--- START ---

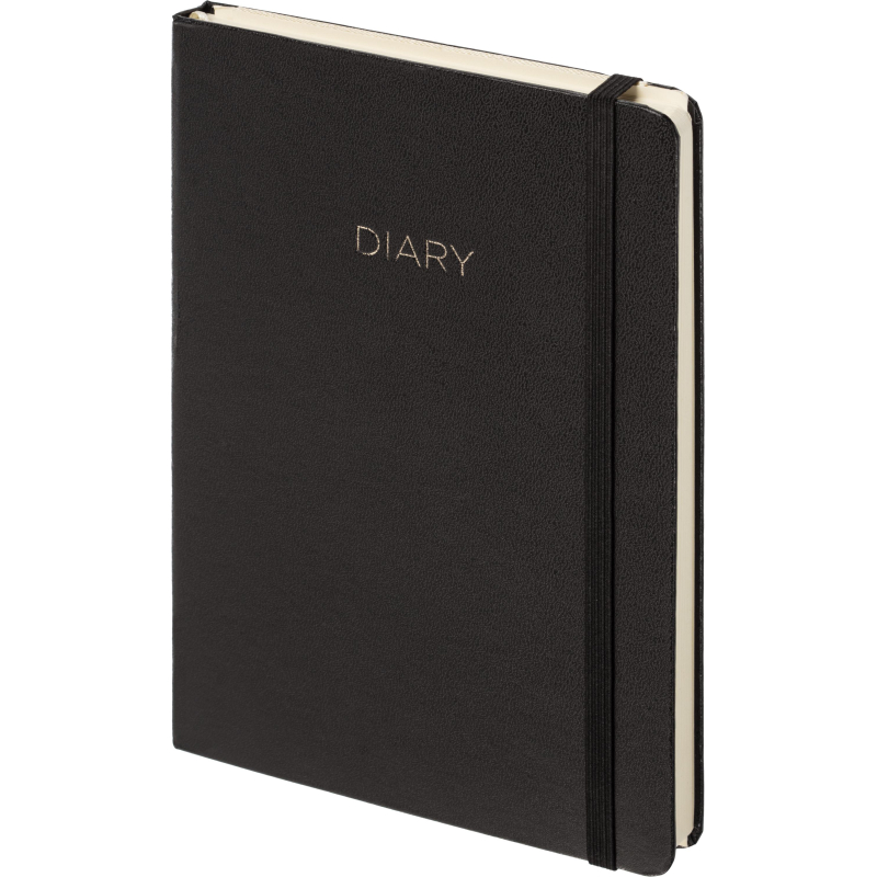 Ежедневник недатированный формата A5, размер изделия - 140x200 мм. Обложка черного цвета выполнена из искусственной кожи. Блок: недатированный, 136 листов (272 страницы) высококачественной белой бумаги (плотность 70 г/кв.м) в линейку, печать в 2 краски. Наличие ляссе. Тип крепления - сшивка. Содержит информационно-справочный блок. Ежедневник отлично подойдет для работы в офисе.
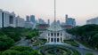 Aerial Drone Sunrise Scene of Bangkok skyline, Business city, view of Bangkok downtown, Flying over Bangkok, Thailand.
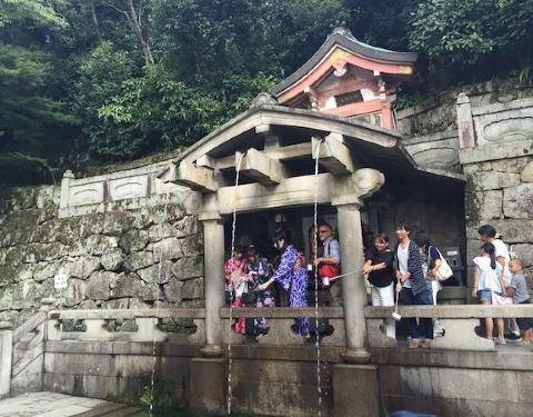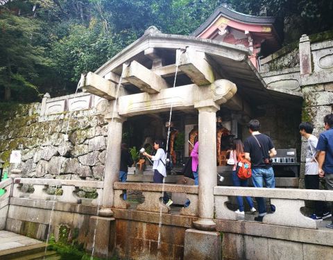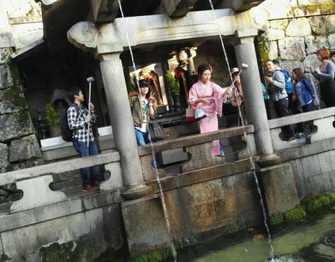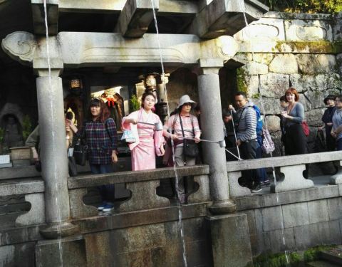 清水寺的一个特色体验项目,据说流下来的水能够祈福治病,这里需要排队取水清水寺的一个特色体验项目,据说流下来的水能够祈福治病,这里需要排队取水。不过不能太贪心,选一个喝就行了。
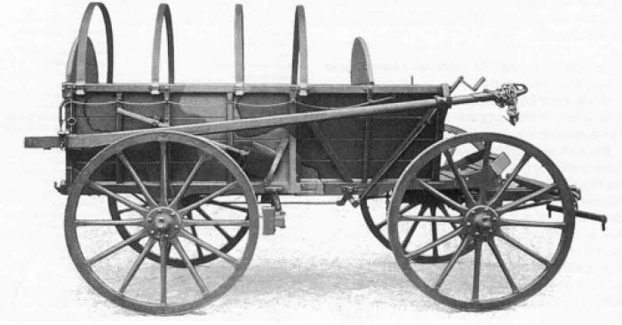 Такие телеги отличались от обычных, более крупными колёсами, которые должны были позволить солдатам толкать их, если те застрянут в грязи и более прочными осями усиленными железными скобами, чтобы выдерживать больше веса.
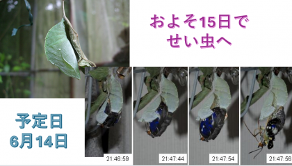 3年生だけで観察するより、八瀬のみんなにも見てもらおうと、玄関のところにさなぎを置いています。6月14日の金曜日が羽化の予定です。9センチにもなるオオムラサキの成虫が見られるか。みんなで観察していきましょう。
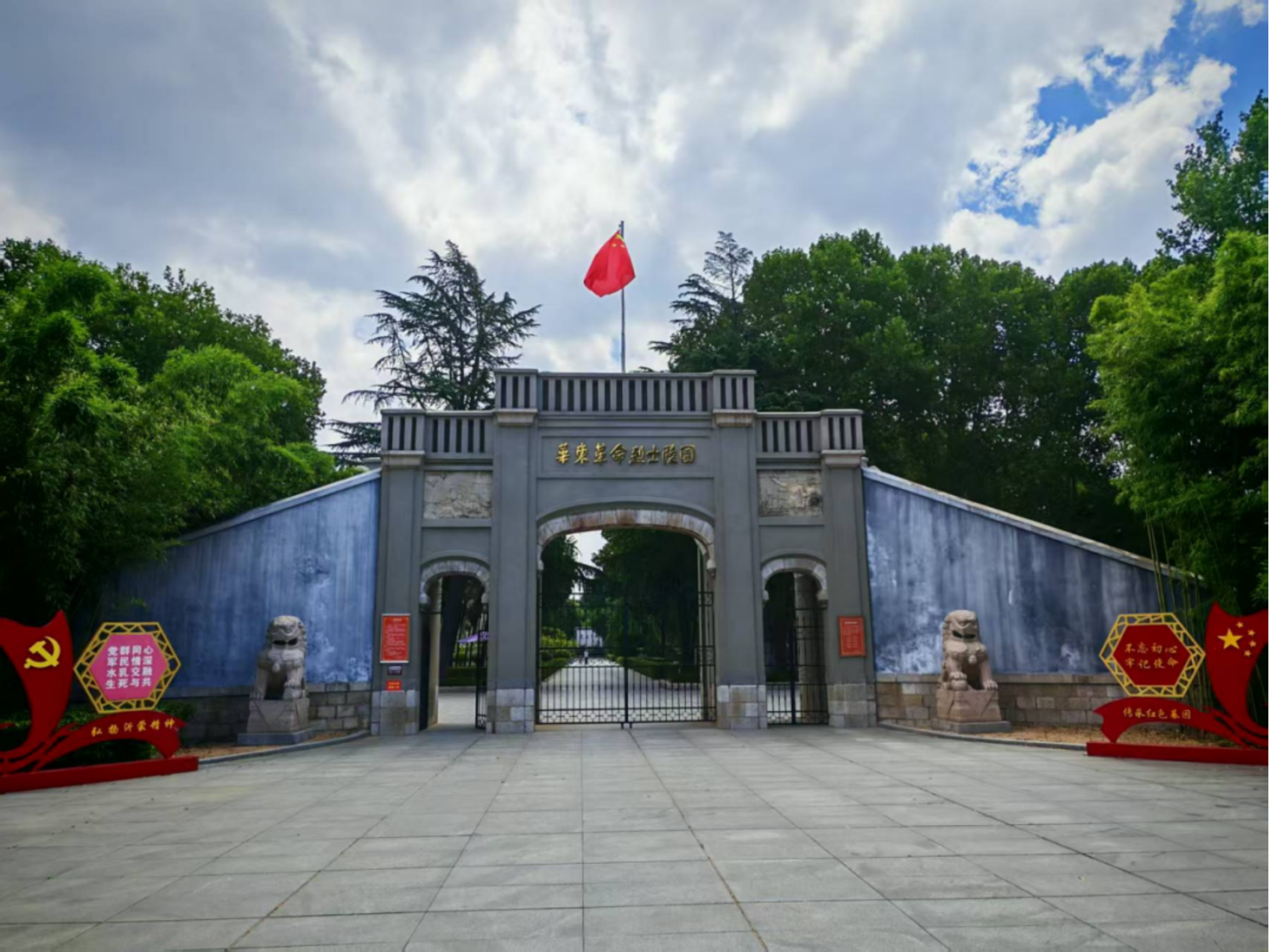 次日清晨,实践队怀着肃穆的心情前往华东革命烈士陵园。在苍松翠柏环绕中,队员们手捧白菊,列队缓步走向巍峨矗立的革命烈士纪念碑,仔细整理缎带、敬献鲜花,并集体肃立默哀。默哀仪式后,一名学生代表在纪念碑前讲述了革命先烈为民族解放事业浴血奋战的英勇事迹。随后,队员们沿墓碑缓步前行,逐一擦拭碑上尘土,仔细瞻仰烈士英名与生平介绍。了解到许多烈士牺牲时年仅二十余岁,与队员们年龄相仿,大家无不肃然起敬,满怀对先烈的深切缅怀与崇高敬意。
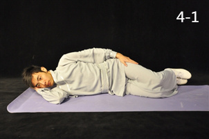 动作1:接第三节,从俯卧位转至右侧卧位,右手置于耳下,左手自然置于大腿侧面(图4-1)。
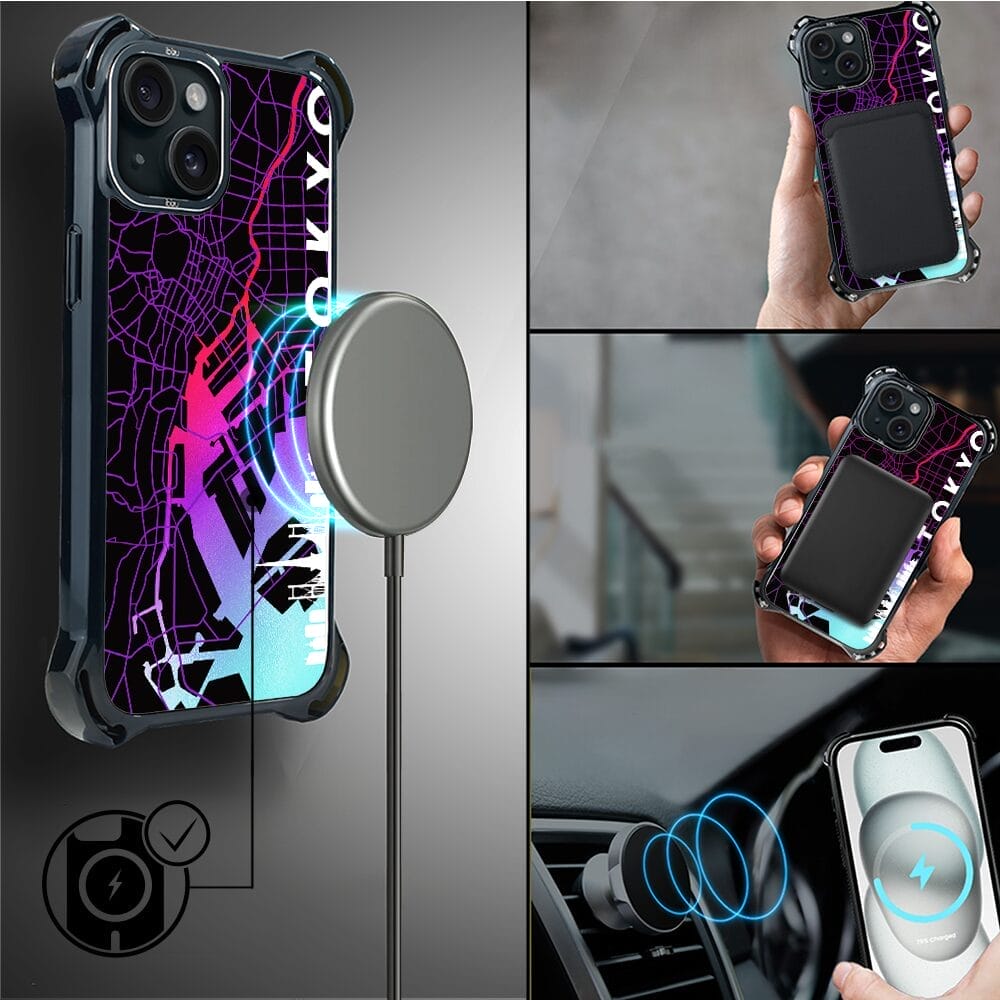 Etui do iPhone 15 IBIZU DropGuard Ultra z MagSafe, mapy świata, Tokyo
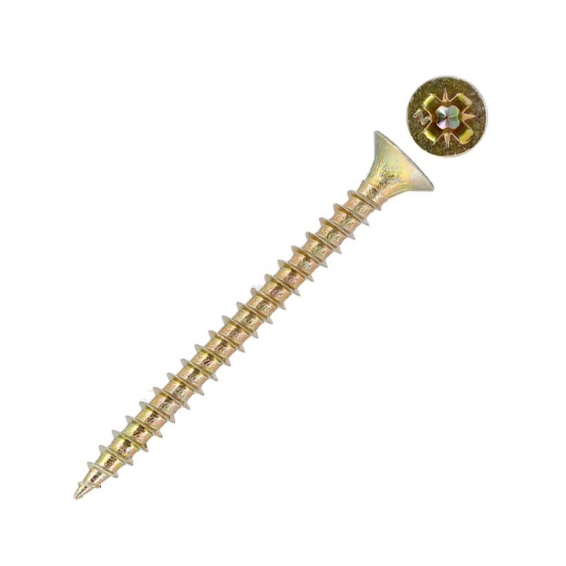 Саморез универсальный 6х100 мм оцинкованный желтый, кг купить в Новом Уренгое по оптовой цене в интернет магазине СтройПлатформа. Универсальный крепежный элемент с крупной резьбой, потайной головкой, крестообразным шлицем и острым наконечником выполнен из стали с оцинкованным желтым покрытием.
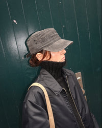 Myr kasketten er en afslappet cap i vasket grå-bomuld med et enkelt og tidløst design. Den militærinspirerede form giver et råt, men stilrent udtryk, som passer perfekt til både hverdagsbrug og weekendens udflugter.
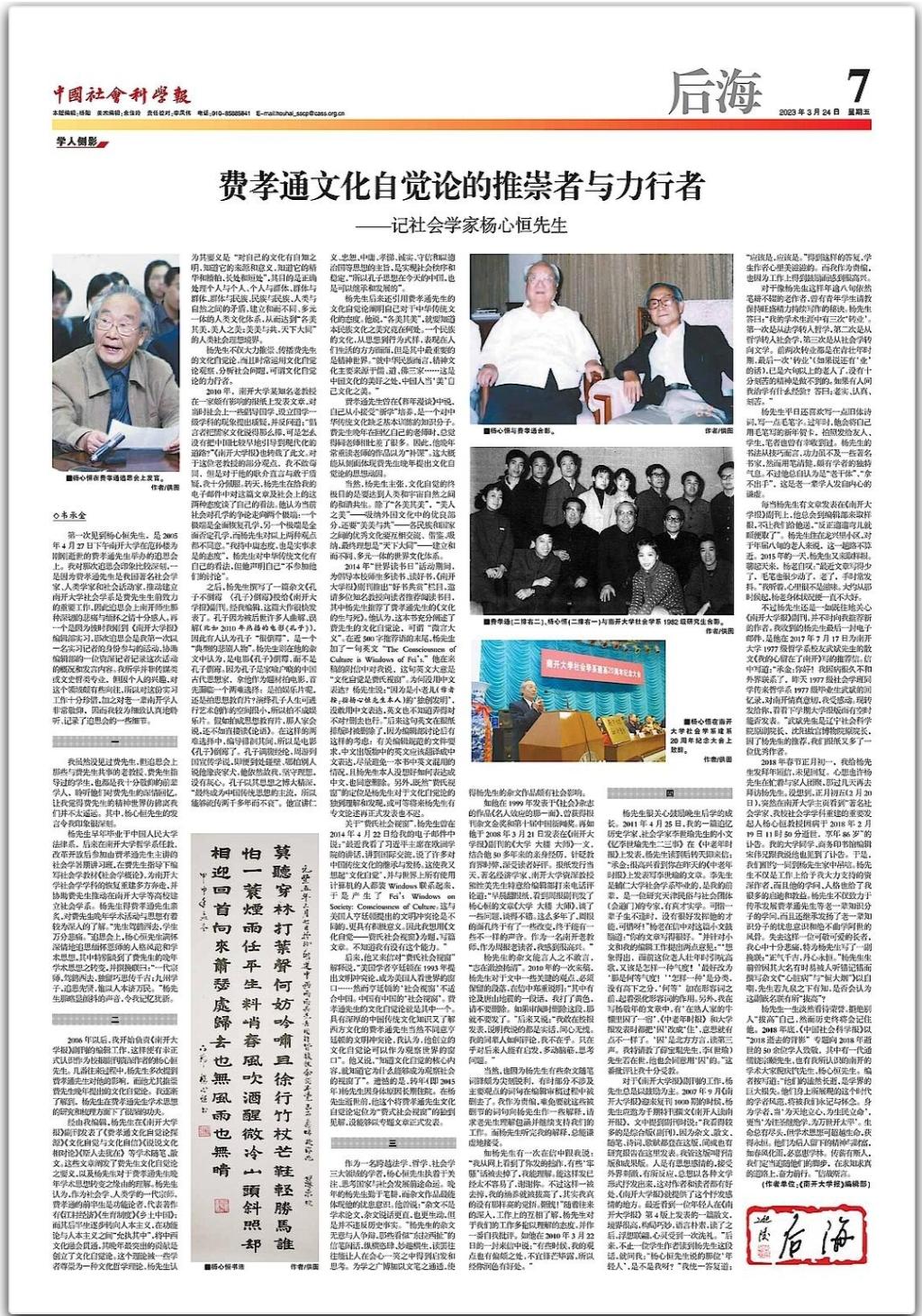 报》副刊的编辑工作,这样便有幸正式认识作为校报副刊资深作者的杨心恒先生。几番往来过程中,杨先生多次提到费孝通先生对他的影响,而他尤其推崇费先生晚年提出的文化自觉论。我逐渐了解到,杨先生在费孝通先生学术思想的研究和梳理方面下了很深的功夫。

--- END ---

YOUR INSTRUCTIONS –
Restate the whole listing above exactly, please, omitting every image.

RESPONSE TO THIS TASK –
 Ежедневник недатированный формата A5, размер изделия - 140x200 мм. Обложка черного цвета выполнена из искусственной кожи. Блок: недатированный, 136 листов (272 страницы) высококачественной белой бумаги (плотность 70 г/кв.м) в линейку, печать в 2 краски. Наличие ляссе. Тип крепления - сшивка. Содержит информационно-справочный блок. Ежедневник отлично подойдет для работы в офисе.
 Aerial Drone Sunrise Scene of Bangkok skyline, Business city, view of Bangkok downtown, Flying over Bangkok, Thailand.
 清水寺的一个特色体验项目,据说流下来的水能够祈福治病,这里需要排队取水清水寺的一个特色体验项目,据说流下来的水能够祈福治病,这里需要排队取水。不过不能太贪心,选一个喝就行了。
 Такие телеги отличались от обычных, более крупными колёсами, которые должны были позволить солдатам толкать их, если те застрянут в грязи и более прочными осями усиленными железными скобами, чтобы выдерживать больше веса.
 3年生だけで観察するより、八瀬のみんなにも見てもらおうと、玄関のところにさなぎを置いています。6月14日の金曜日が羽化の予定です。9センチにもなるオオムラサキの成虫が見られるか。みんなで観察していきましょう。
 次日清晨,实践队怀着肃穆的心情前往华东革命烈士陵园。在苍松翠柏环绕中,队员们手捧白菊,列队缓步走向巍峨矗立的革命烈士纪念碑,仔细整理缎带、敬献鲜花,并集体肃立默哀。默哀仪式后,一名学生代表在纪念碑前讲述了革命先烈为民族解放事业浴血奋战的英勇事迹。随后,队员们沿墓碑缓步前行,逐一擦拭碑上尘土,仔细瞻仰烈士英名与生平介绍。了解到许多烈士牺牲时年仅二十余岁,与队员们年龄相仿,大家无不肃然起敬,满怀对先烈的深切缅怀与崇高敬意。
 动作1:接第三节,从俯卧位转至右侧卧位,右手置于耳下,左手自然置于大腿侧面(图4-1)。
 Etui do iPhone 15 IBIZU DropGuard Ultra z MagSafe, mapy świata, Tokyo
 Саморез универсальный 6х100 мм оцинкованный желтый, кг купить в Новом Уренгое по оптовой цене в интернет магазине СтройПлатформа. Универсальный крепежный элемент с крупной резьбой, потайной головкой, крестообразным шлицем и острым наконечником выполнен из стали с оцинкованным желтым покрытием.
 Myr kasketten er en afslappet cap i vasket grå-bomuld med et enkelt og tidløst design. Den militærinspirerede form giver et råt, men stilrent udtryk, som passer perfekt til både hverdagsbrug og weekendens udflugter.
 报》副刊的编辑工作,这样便有幸正式认识作为校报副刊资深作者的杨心恒先生。几番往来过程中,杨先生多次提到费孝通先生对他的影响,而他尤其推崇费先生晚年提出的文化自觉论。我逐渐了解到,杨先生在费孝通先生学术思想的研究和梳理方面下了很深的功夫。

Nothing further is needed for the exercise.